- Tytherleigh Location within Devon
- OS grid reference: ST319032
- Civil parish: Chardstock;
- District: East Devon;
- Shire county: Devon;
- Region: South West;
- Country: England
- Sovereign state: United Kingdom
- Post town: AXMINSTER
- Postcode district: EX13
- Police: Devon and Cornwall
- Fire: Devon and Somerset
- Ambulance: South Western
- UK Parliament: Honiton and Sidmouth;

= Tytherleigh =

Village in Devon, England

Tytherleigh is a village in the civil parish of Chardstock in Devon, England (historically in Dorset), close to the borders with Dorset and Somerset on the A358 road between the towns of Axminster and Chard. It was in Dorset until 1896.

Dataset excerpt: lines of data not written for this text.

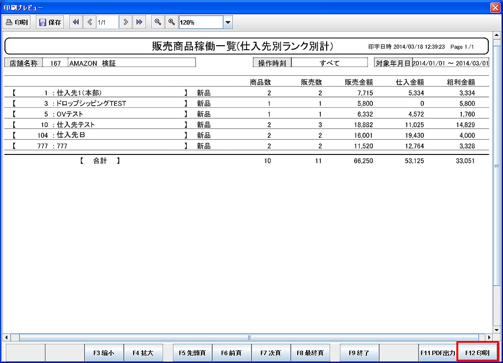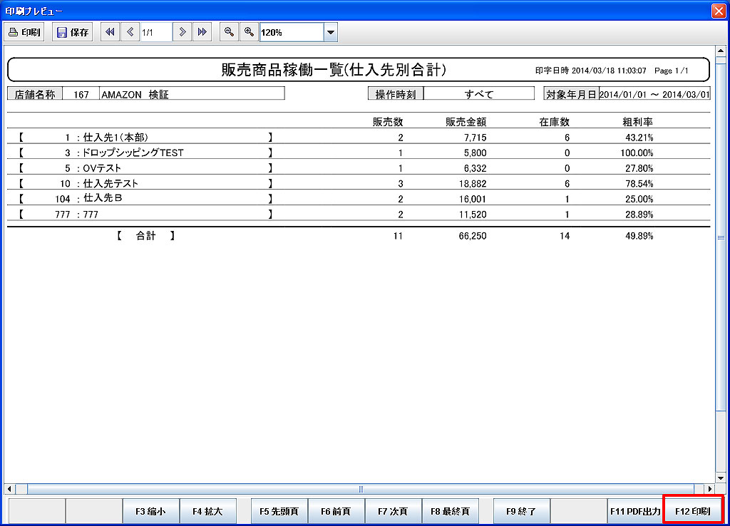 「F11合計印刷」:販売商品稼動一覧(仕入先別合計)を印刷します。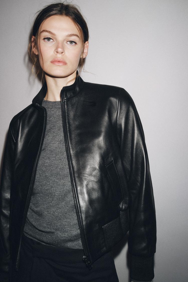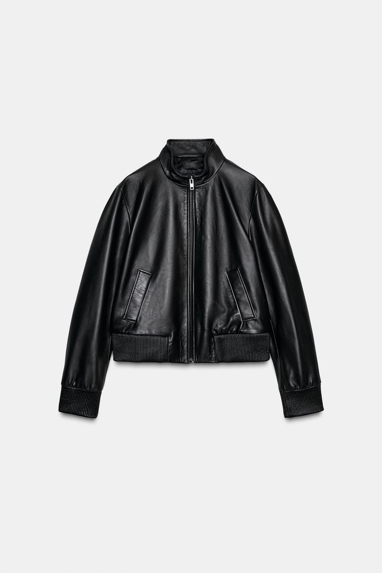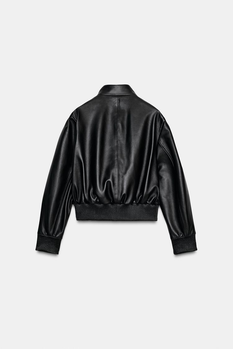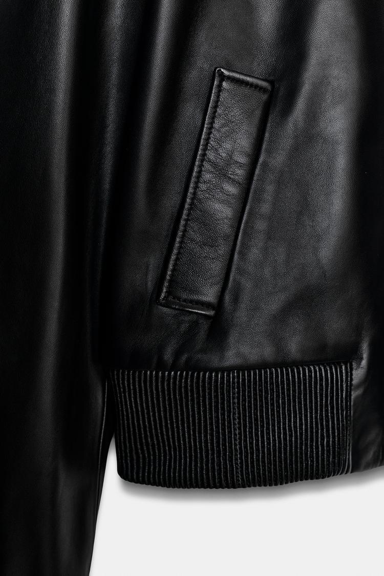 ZARA КОЖАНАЯ КУРТКА-БОМБЕР ZW COLLECTION LIMITED EDITION, ЧЕРНЫЙ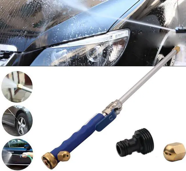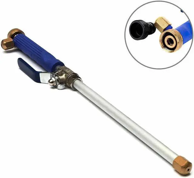 The set includes one high-pressure water gun and a plastic connection accessory designed to fit 3/4" garden hoses. Packaged within a shelf box with instructions this convenient tool measures 17.75" in length. Get ready to tackle tough cleaning tasks effortlessly with the 17.7" high-pressure water gun. The high-pressure water gun features an anti-slip handle for easy operation. The water gun includes a fan nozzle and a jet nozzle. Easy installation. Female inlet 1 in length 18 in male inlet 3/4 in product weight 0.67 lb includes fan nozzle and jet nozzle. No electricity is needed.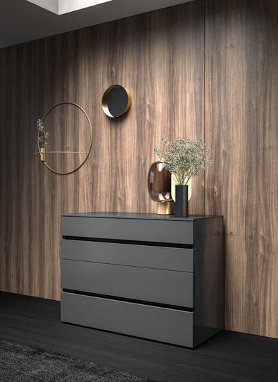 Cornice Night Group are o structură realizată din panouri aglomerate. Sertare cu profil de aluminiu in fata.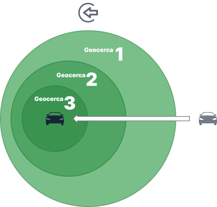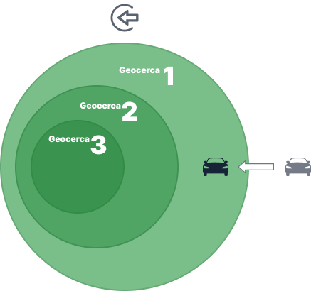 | Y | La notificación se activa cuando la unidad se encuentra simultáneamente en todas las geocercas elegidas. Ejemplo. En los ajustes de la notificación, se han seleccionado la Geocerca 1, la Geocerca 2 y la Geocerca 3. La Geocerca 3 está dentro de la Geocerca 2 y de la Geocerca 1. Cuando la unidad está en la Geocerca 3 y, por lo tanto, en todas las demás geocercas al mismo tiempo, se activa la notificación. |

The place-name, first recorded in 1154 as Tiderlege, is from the Old English tīedre "thin" or "tender" and lēah "woodland", and therefore means "thin or tender woodland".

The Tytherleigh Arms public house in the village displays the Tytherleigh family coat of arms on its sign. The Tytherleigh family lived at Tytherleigh Manor for about 500 years until 1729. Part of Tytherleigh manor house survives as a farmhouse, dating from the 16th century, with a gateway arch bearing the family coat of arms.

The village is on the route of the Fosse Way Roman Road.